Стратегия Incremental:

    from onetl.connection import Postgres
    from onetl.db import DBReader
    from onetl.strategy import IncrementalStrategy
    postgres = Postgres(...)
    reader = DBReader(
        connection=postgres,
        source="schema.table",
        columns=["id", "key", "CAST(value AS text) value", "updated_dt"],
        where="key = 'something'",
        hwm=DBReader.AutoDetectHWM(name="postgres_hwm", expression="updated_dt"),
        options=Postgres.ReadOptions(partitionColumn="id", numPartitions=10),
    )
    with IncrementalStrategy():
        df = reader.run()

Опции

`onetl.connection.db_connection.postgres.options.PostgresReadOptions`

Bases: JDBCReadOptions

Source code in onetl/connection/db_connection/postgres/options.py

class PostgresReadOptions(JDBCReadOptions):
    __doc__ = JDBCReadOptions.__doc__.replace("SomeDB", "Postgres")  # type: ignore[assignment, union-attr]

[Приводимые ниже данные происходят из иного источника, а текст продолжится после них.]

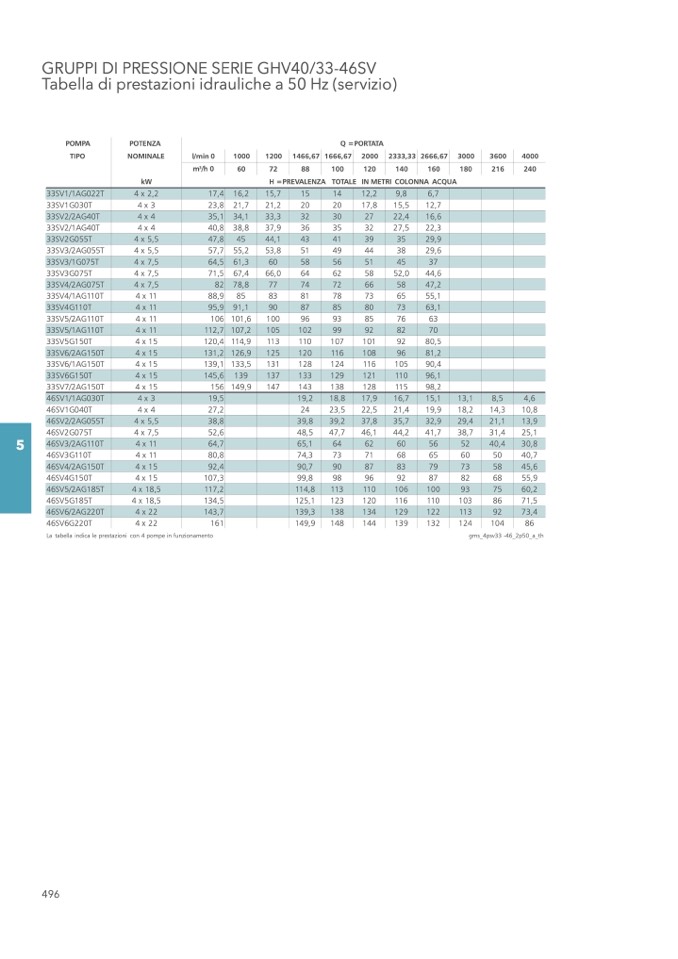 La tabella indica le prestazioni con 4 pompe in funzionamento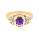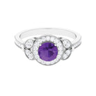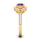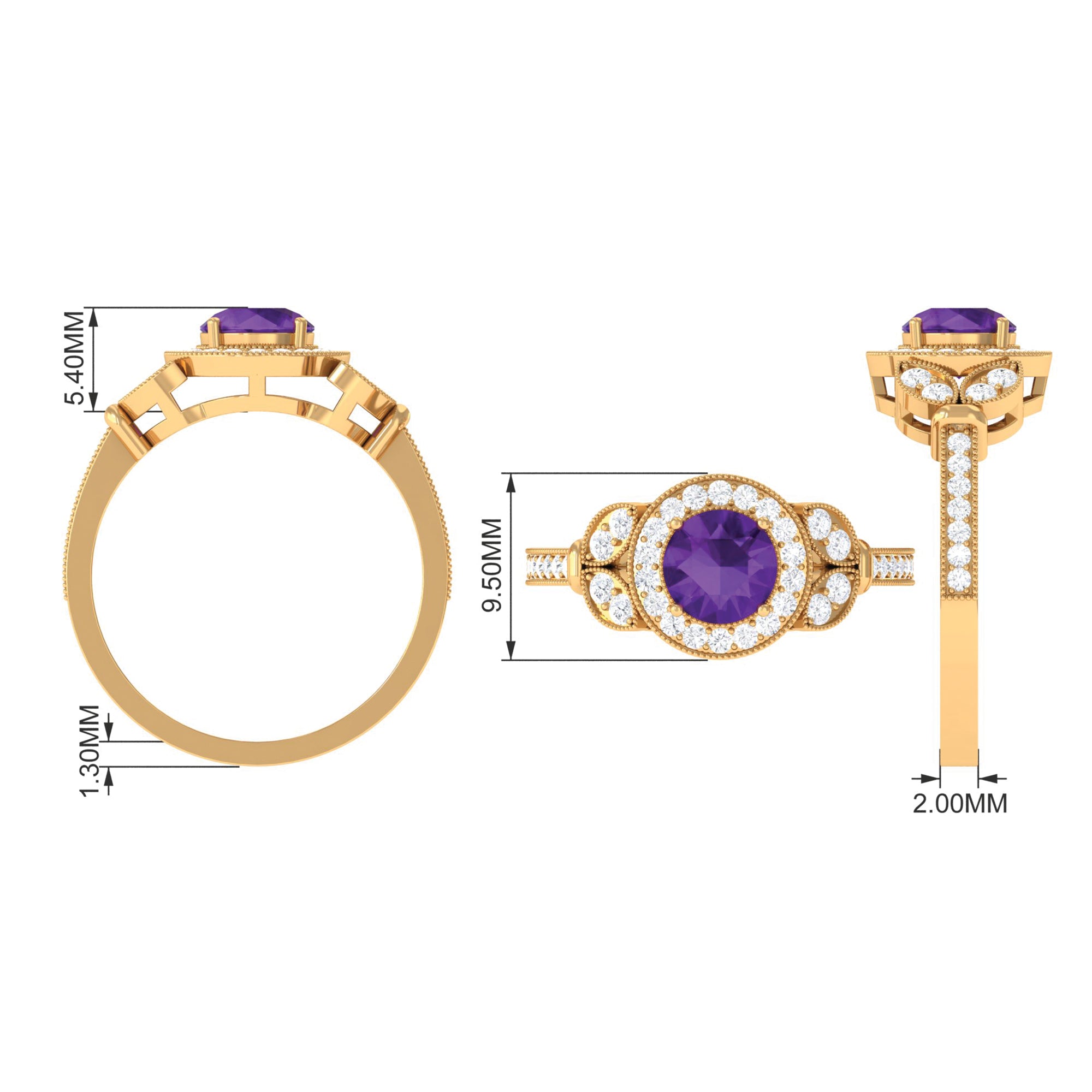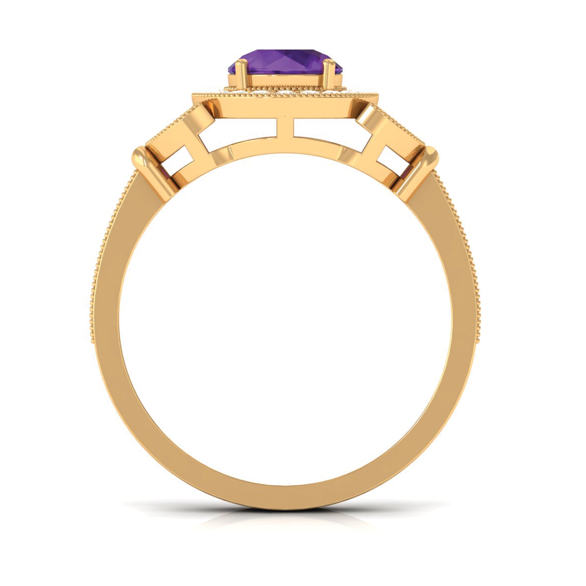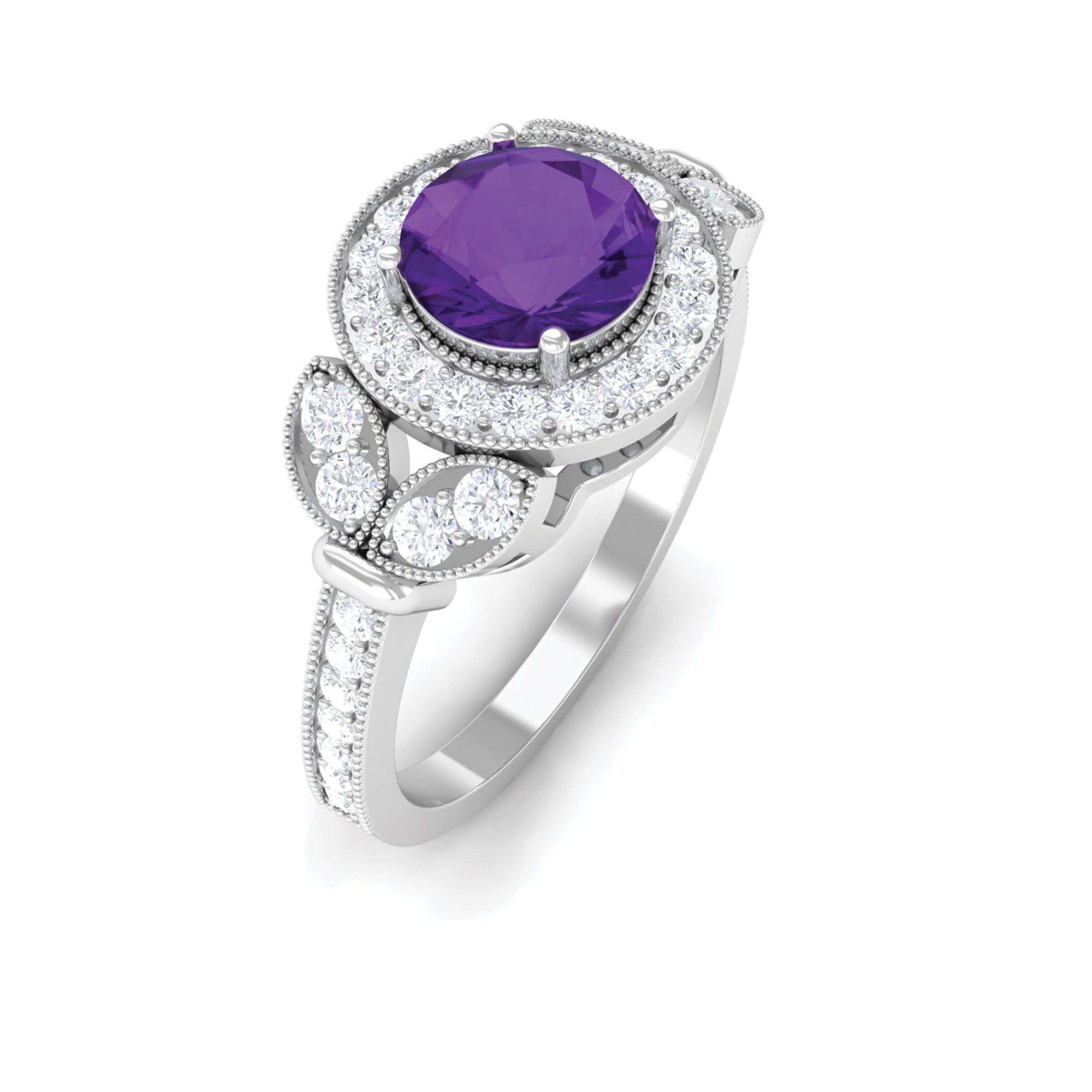 The fire and brilliance of Amethyst Engagement Ring will forever shines through in every way, Our Vintage Engagement Ring gives you extra ordinary feel on your big day. This Amethyst Vintage Engagement Ring is embellished with Round Cut Amethyst in Prong Setting with Moissanite Accent and Gold Beaded Details.

`fetchsize = 100000` `class-attribute` `instance-attribute`

Fetch N rows from an opened cursor per one read round.

Tuning this option can influence performance of reading.

Warning

Default value is different from Spark.

Spark uses driver's own value, and it may be different in different drivers, and even versions of the same driver. For example, Oracle has default fetchsize=10, which is absolutely not usable.

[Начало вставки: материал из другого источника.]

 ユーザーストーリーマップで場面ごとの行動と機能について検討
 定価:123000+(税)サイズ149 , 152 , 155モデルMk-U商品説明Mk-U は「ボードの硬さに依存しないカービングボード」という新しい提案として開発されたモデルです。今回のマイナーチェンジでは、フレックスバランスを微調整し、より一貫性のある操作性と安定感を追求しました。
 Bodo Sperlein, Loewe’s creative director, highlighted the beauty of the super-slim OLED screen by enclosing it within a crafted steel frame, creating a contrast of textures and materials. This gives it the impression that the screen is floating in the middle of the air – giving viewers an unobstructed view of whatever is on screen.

Thus we've overridden default value with 100_000, which should increase reading performance.

Changed in 0.2.0

Set explicit default value to 100_000

`lower_bound = Field(default=None, alias='lowerBound')` `class-attribute` `instance-attribute`

See documentation for [partitioning_mode][] for more details

`num_partitions = Field(default=1, alias='numPartitions')` `class-attribute` `instance-attribute`

Number of jobs created by Spark to read the table content in parallel. See documentation for [partitioning_mode][] for more details

`partition_column = Field(default=None, alias='partitionColumn')` `class-attribute` `instance-attribute`

Column used to parallelize reading from a table.

Warning

It is highly recommended to use primary key, or column with an index to avoid performance issues.

Note

Column type depends on [partitioning_mode][].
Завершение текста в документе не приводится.